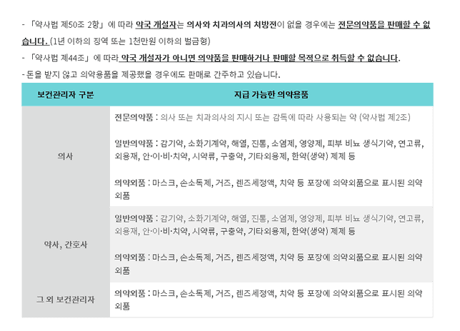 - 생활꿀팁생활회사에서 일반의약품을 약품함에 보관할 수 없나요?A. 안녕하세요. 김수재 약사입니다.상비약으로 제공하려는 경우, 이때 의사/약사/간호사와 같은 보건관리자가 상주하지 않는 경우 의약품 제공 시 약사법 위반입니다.모든 의약품은 상주 보건관리자가 있어야 합니다.
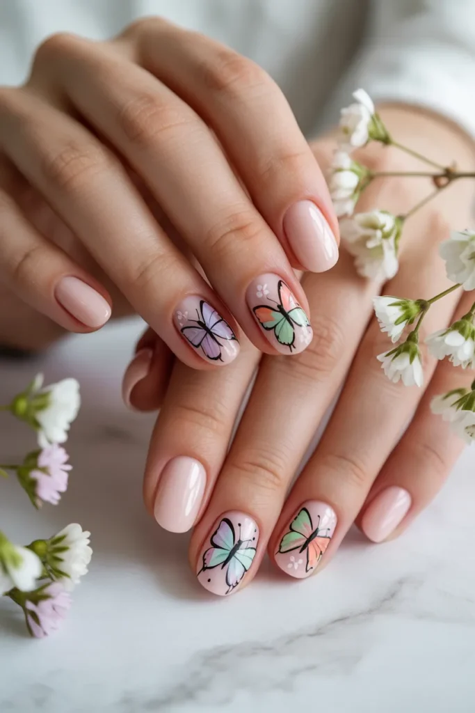 Cute butterfly stickers or hand-painted designs for playful, trendy nails.
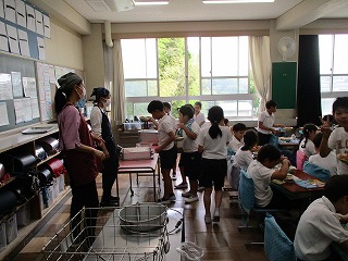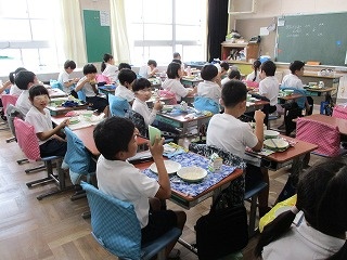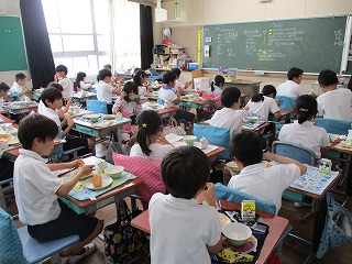 今日の給食は「小型玄米パン、牛乳、イタリアンスパゲティ、フルーツヨーグルト」でした。スパゲティ、ヨーグルトとも人気のメニューです。3年生の教室をのぞくと、スパゲティにはおかわりの長い列ができていました。
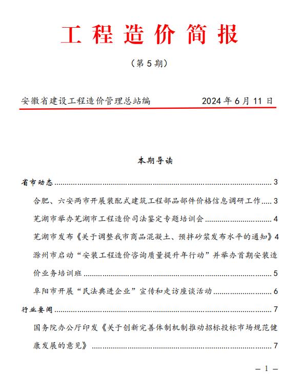 安徽省建设工程造价管理总站《工程造价简报》2024年第5期
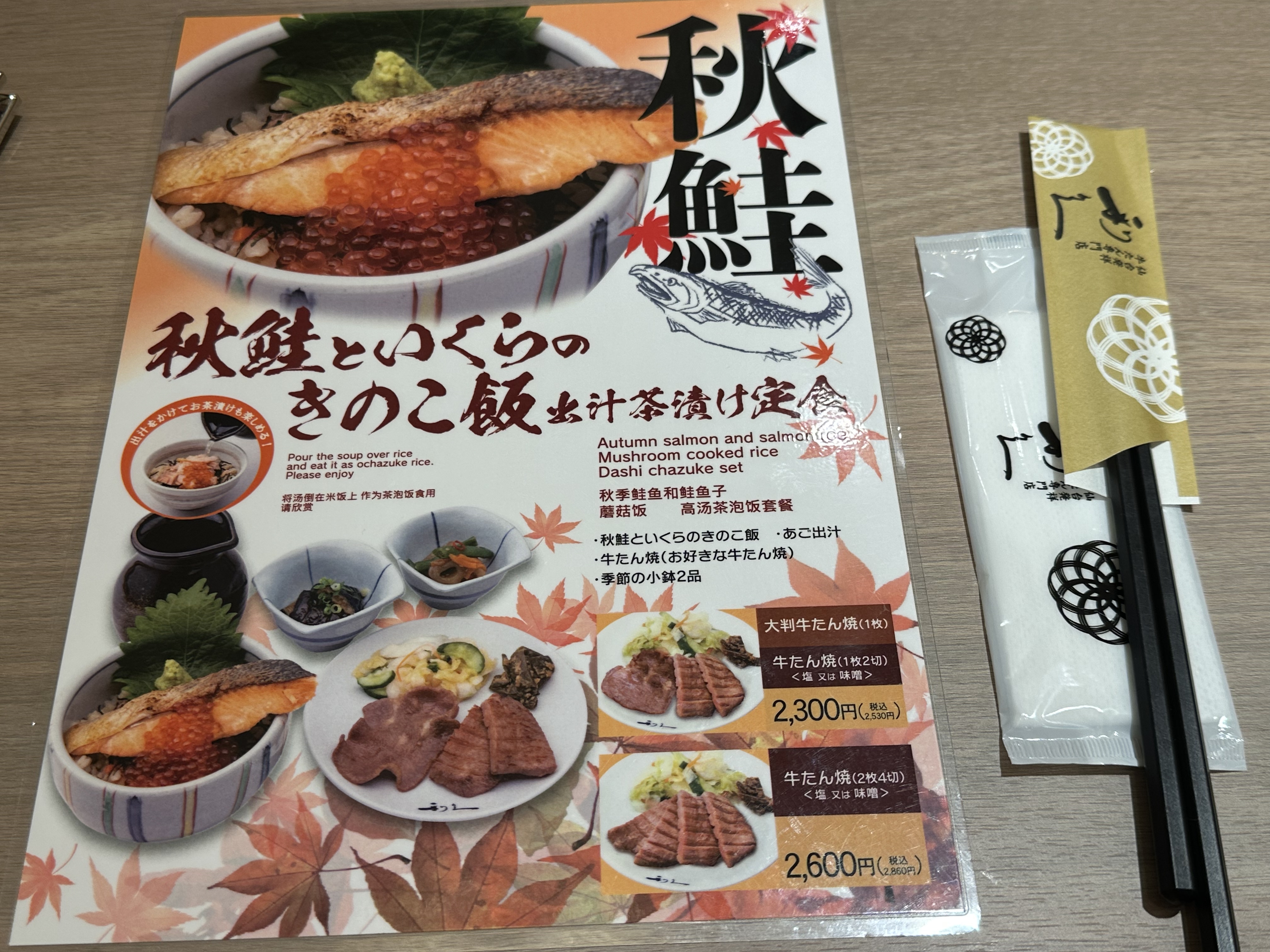 秋鮭といくらのきのこ飯出汁茶漬け定食 (秋鮭といくらのきのこ飯、大判牛たん焼、牛たん焼)

···

### Description of the task
Reproduce nothing but the lines from the line containing "安徽省建设工程造价管理总站《工程造价简报》2024年第5期" through the last line of the data above, exactly as written and without pictures.

### Result below
 安徽省建设工程造价管理总站《工程造价简报》2024年第5期
 秋鮭といくらのきのこ飯出汁茶漬け定食 (秋鮭といくらのきのこ飯、大判牛たん焼、牛たん焼)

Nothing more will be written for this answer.